C: the maximum value of the sectional area

D: The minimum value of the sectional area.

A fifth feature of the present invention is an ozone water producing apparatus comprising: an ozone generator, a fluid supply device, an ozone dissolving device for dissolving ozone in a fluid supplied from the supply device, and the ozone dissolving device by the ozone dissolving device A gas-liquid separation device for separating ozone which cannot be completely dissolved has at least a first unit and a second unit; the first unit has a first An ozone dissolving device and a first gas-liquid separating device disposed on the same processing line as the first ozone dissolving device; the second unit is provided with a second ozone dissolving device, and is disposed in the same treatment as the second ozone dissolving device a second gas-liquid separation device on the line; a first flow regulating valve and a second flow regulating valve are disposed on the upstream side of the first ozone dissolving device and the second ozone dissolving device, respectively, in the first gas-liquid separating device and The downstream side of the second gas-liquid separation device is respectively provided with a first back pressure regulating valve and a second back pressure regulating valve for adjusting the back pressure of the ozone water after the gas-liquid separation; and the fluid is supplied from the fluid supply device. The first unit and the second unit are disposed on each of the processing lines in which the processing lines are arranged in parallel, and the first gas-liquid separating device is coupled to the second ozone dissolving device.

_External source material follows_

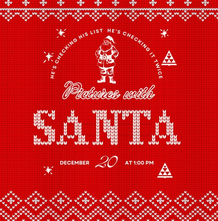 Photos with Santa: 1:00–4:00 PM

According to a sixth aspect of the invention, the ratio of the suction pressure (negative pressure) of the first ozone dissolving device to the suction pressure (negative pressure) of the second ozone dissolving device satisfies the following relationship A/B ≧ 0.28 (1)

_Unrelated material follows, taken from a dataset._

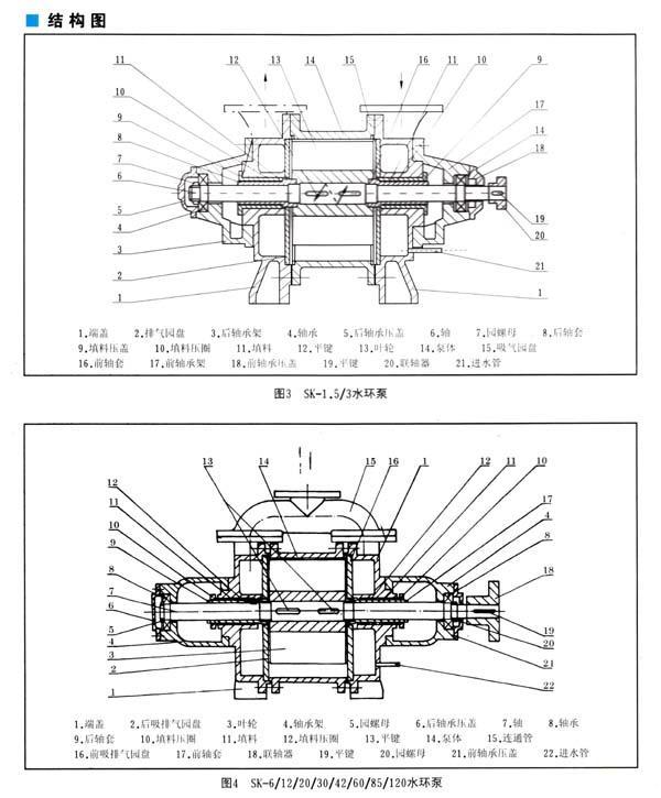 填料安裝在兩端蓋內,密封水經由端蓋中的小孔進入填料中,冷卻填料及加強密封效果。葉輪形成水環所需的補充水由供水管供給,供水管可與氣水分離器連在一起循環供水。

A: suction pressure of the first ozone dissolving device (calculation pressure)

B: suction pressure (counting pressure) of the second ozone dissolving device.

According to a seventh aspect of the invention, the suction pressure (counting pressure) of the first ozone dissolving device is -5 kPa or less; and the eighth feature of the present invention is that the maximum linear velocity of the fluid passing through the first ozone dissolver is 5.42. Above m/sec, and when the direction of passage of the fluid is the axis, the maximum cross-sectional area and the minimum cross-sectional area ratio for the axis satisfy the following relationship C/D≧2.2 (2)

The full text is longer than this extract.